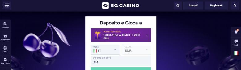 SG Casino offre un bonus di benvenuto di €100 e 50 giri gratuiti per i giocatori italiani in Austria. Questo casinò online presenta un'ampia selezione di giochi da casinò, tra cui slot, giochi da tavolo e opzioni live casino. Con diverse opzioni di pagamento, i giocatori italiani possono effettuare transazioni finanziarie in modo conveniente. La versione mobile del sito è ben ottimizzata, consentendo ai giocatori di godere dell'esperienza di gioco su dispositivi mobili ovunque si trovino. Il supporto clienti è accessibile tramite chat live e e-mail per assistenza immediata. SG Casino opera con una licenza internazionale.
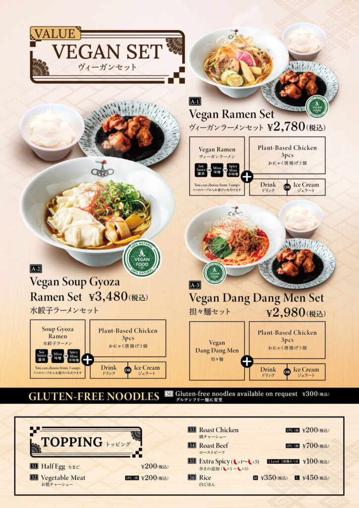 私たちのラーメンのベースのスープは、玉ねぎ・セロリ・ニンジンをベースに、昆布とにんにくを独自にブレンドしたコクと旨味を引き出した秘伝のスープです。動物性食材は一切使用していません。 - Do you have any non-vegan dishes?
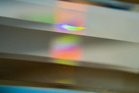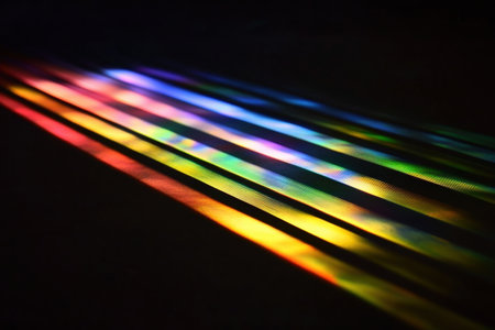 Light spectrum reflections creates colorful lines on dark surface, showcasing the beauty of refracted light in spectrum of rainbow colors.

■ **Task directions**: Working from the line that contains "any non-vegan dishes?" to the last line of the listing, please quote each line exactly, pictures excluded.

■ **Solution below**:
 私たちのラーメンのベースのスープは、玉ねぎ・セロリ・ニンジンをベースに、昆布とにんにくを独自にブレンドしたコクと旨味を引き出した秘伝のスープです。動物性食材は一切使用していません。 - Do you have any non-vegan dishes?
 Light spectrum reflections creates colorful lines on dark surface, showcasing the beauty of refracted light in spectrum of rainbow colors.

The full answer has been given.